Though the State House of Representatives, Governor Rick Scott, and Tea Party activists opposed the bill, Florida State Senate President Mike Haridopolos (R-Melbourne) has said he will reintroduce an immigration bill that passed the Senate before dying in the House, setting up a confrontation between the two bodies. [St. Petersburg Times]

Although New York State Assembly Republicans remain committed to not returning to the Capitol until the official beginning of a new session in January, Speaker Sheldon Silver (D-Manhattan) has expressed a willingness, admittedly not a particularly strong willingness, to return earlier if that is necessary. In particular, he has said he will come back to work out bills regarding livery cabs and the ever-controversial matter of a healthcare exchange. [Albany Times Union]

California Republicans have upped the ante in working to get new redistricting maps repealed.
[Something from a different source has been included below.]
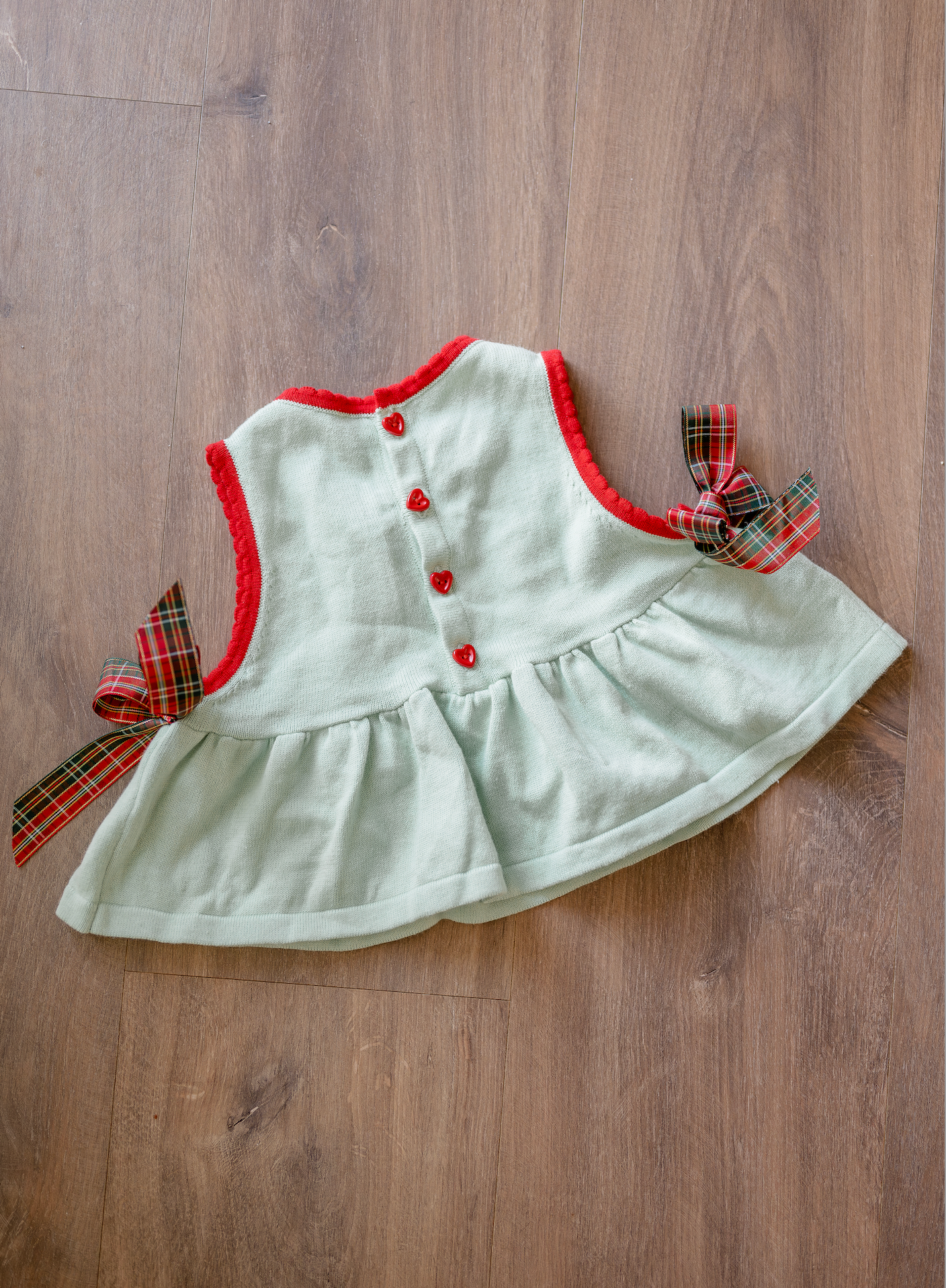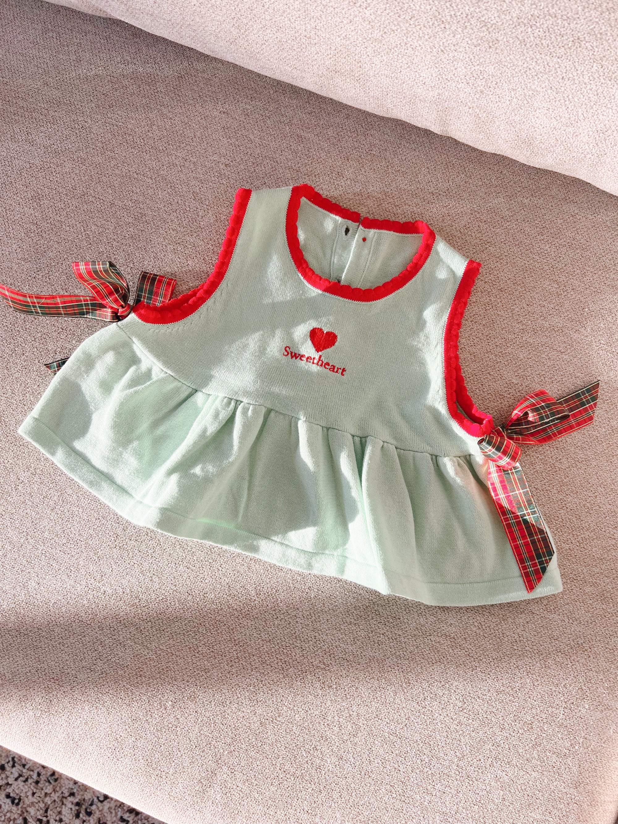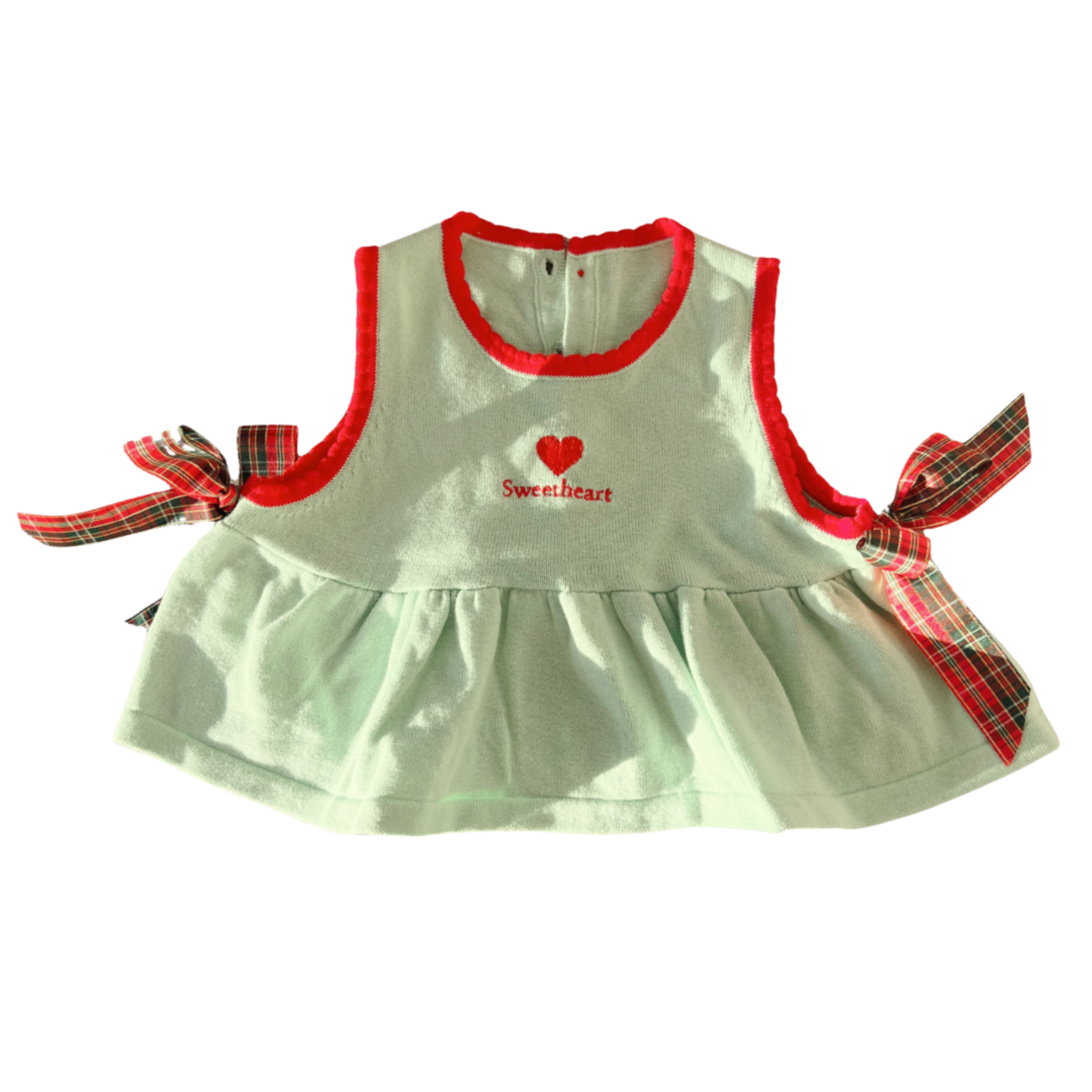 Our Sweetheart Peplum is as cute as can be. Crafted from 100% cotton, she features vibrant red scallop-edged trims and tartan bow details at each side for a charming pop of contrast. An embroidered red heart and Sweetheart lettering adorn the front, adding the sweetest finishing touch. Beautiful red heart buttons trail down the back, and her airy peplum silhouette adds soft, playful movement.

In an effort to collect a little more than 500,000 signatures by November 14, and thus forcing a vote on the new State Senate districts next June, they have circulated material alleging that allowing the new maps, drawn by a citizens’ commission that was voted into existence back in November, would lead to crippling tax increases. The effort has already raised around $500,000, including some $188,000 from the State GOP. [Sacramento Bee]

Wisconsin Governor Scott Walker’s press secretary, Cullen Werwie, was granted immunity in a state investigation, it was recently revealed. The Republican governor and his aides are under fire for improper use of state funds for campaigning, charges which culminated in a raid earlier this month of a Madison home. [Milwaukee Journal Sentinel]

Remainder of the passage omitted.